The reply should reproduce every line of the data below word for word, minus any images.

▶ INFORMATION SUPPLIED:
::::

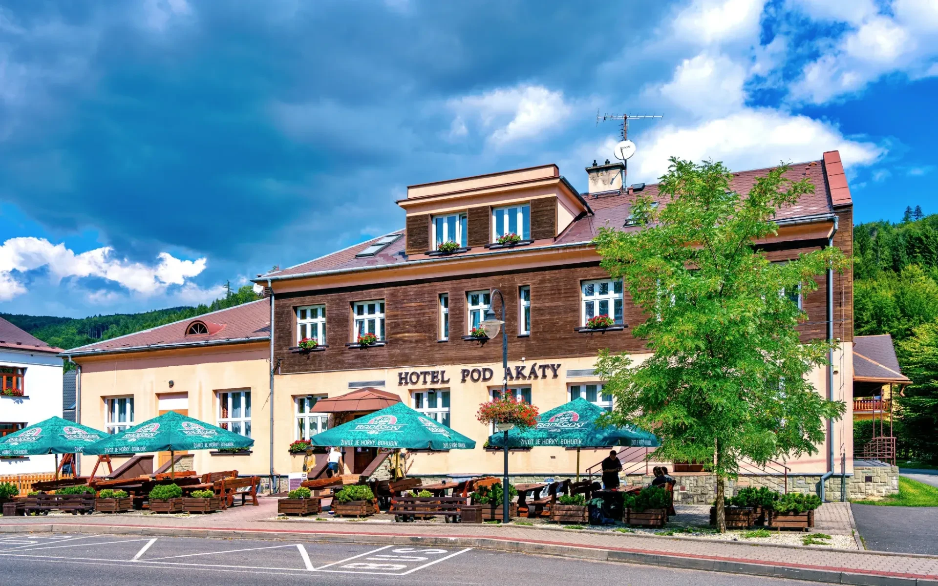 Hotel Pod Akáty v Dolní Lomné nabízí komfortní ubytování v horské oblasti s dostupností všech základních služeb. Hosté mají k dispozici pokoje s vlastním sociálním zařízením, televizi a připojení k internetu WiFi. Pro stravování je připravena hotelová restaurace s tradičními pokrmy.
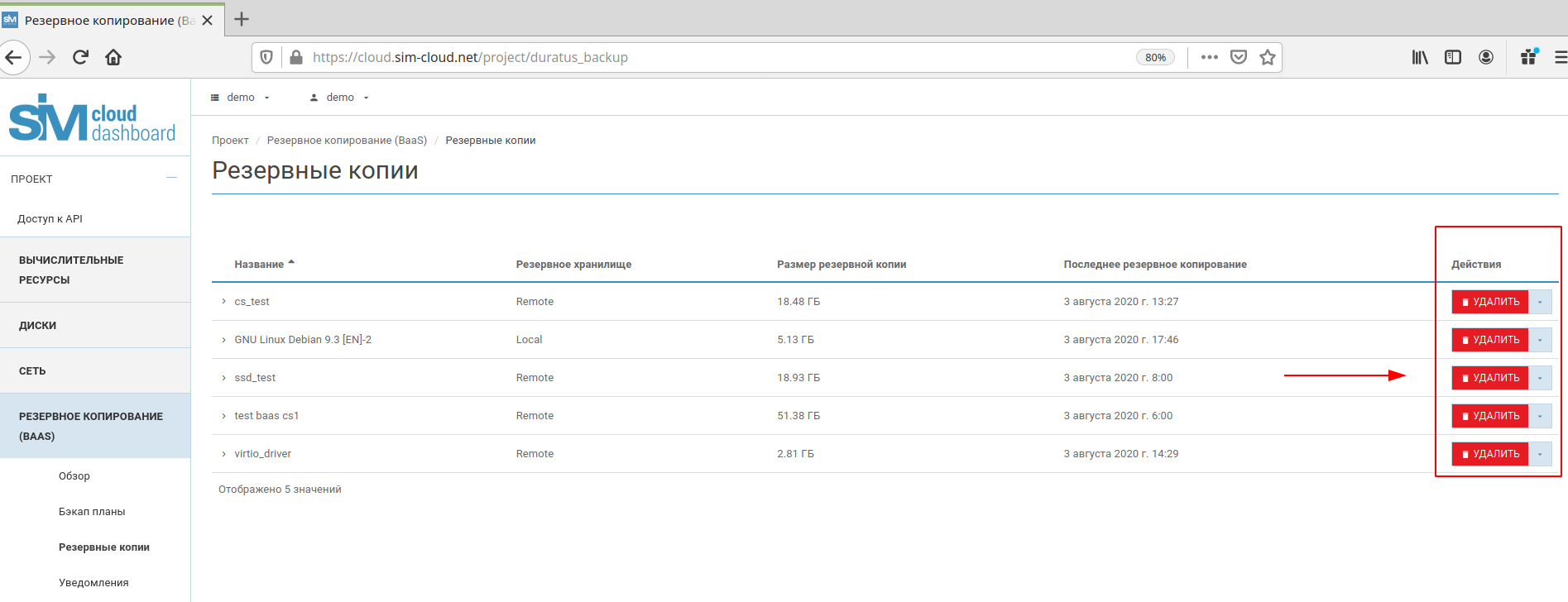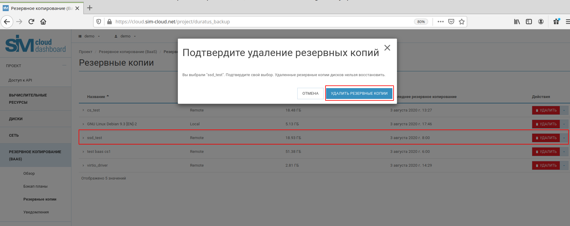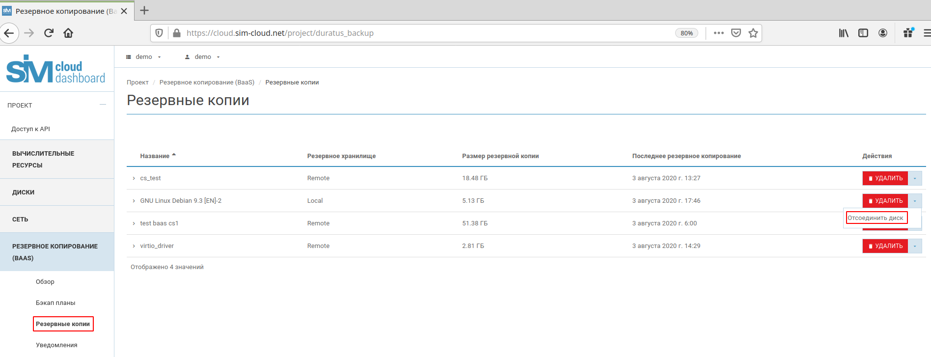 В разделе «Резервные копии» можно также выполнять действия по удалению резервной копии диска и по отсоединению диска.
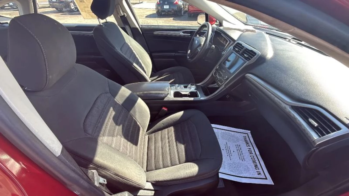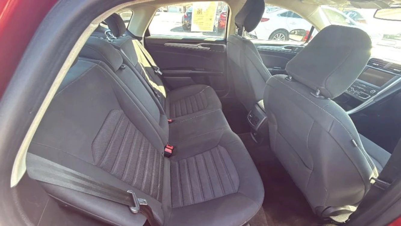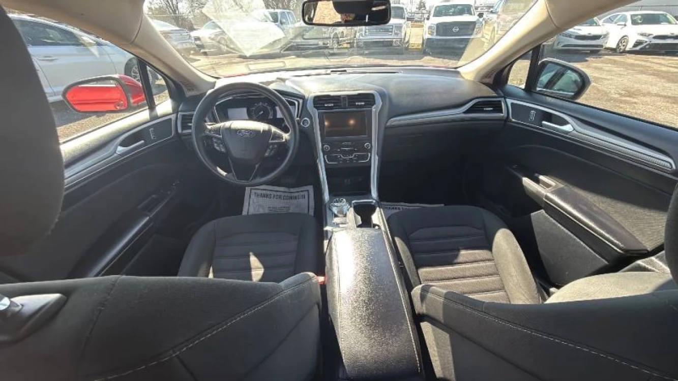 Remote Trunk Release Alarm System Dual Air Bags Power Steering Hill Start Assist Power Windows CD/MP3 (Single Disc) Reverse Sensing System F&R Head Curtain Air Bags FWD ABS (4-Wheel) Power Seat Blind-Spot Information System Ford Co-Pilot360 4-Cyl EcoBoost Turbo 1.5 Liter Power Door Locks Side Air Bags Keyless Entry Heated Seats Tilt & Telescoping Wheel Cruise Control Traction Control Lane Keep Assist SYNC Automatic 6-Spd w/SelectShift SiriusXM Satellite AdvanceTrac Backup Camera Push Button Start Knee Air Bags Daytime Running Lights Air Conditioning Bluetooth Wireless Alloy Wheels AM/FM Stereo

::::

▶ ANSWER BELOW:
 Hotel Pod Akáty v Dolní Lomné nabízí komfortní ubytování v horské oblasti s dostupností všech základních služeb. Hosté mají k dispozici pokoje s vlastním sociálním zařízením, televizi a připojení k internetu WiFi. Pro stravování je připravena hotelová restaurace s tradičními pokrmy.
 В разделе «Резервные копии» можно также выполнять действия по удалению резервной копии диска и по отсоединению диска.
 Remote Trunk Release Alarm System Dual Air Bags Power Steering Hill Start Assist Power Windows CD/MP3 (Single Disc) Reverse Sensing System F&R Head Curtain Air Bags FWD ABS (4-Wheel) Power Seat Blind-Spot Information System Ford Co-Pilot360 4-Cyl EcoBoost Turbo 1.5 Liter Power Door Locks Side Air Bags Keyless Entry Heated Seats Tilt & Telescoping Wheel Cruise Control Traction Control Lane Keep Assist SYNC Automatic 6-Spd w/SelectShift SiriusXM Satellite AdvanceTrac Backup Camera Push Button Start Knee Air Bags Daytime Running Lights Air Conditioning Bluetooth Wireless Alloy Wheels AM/FM Stereo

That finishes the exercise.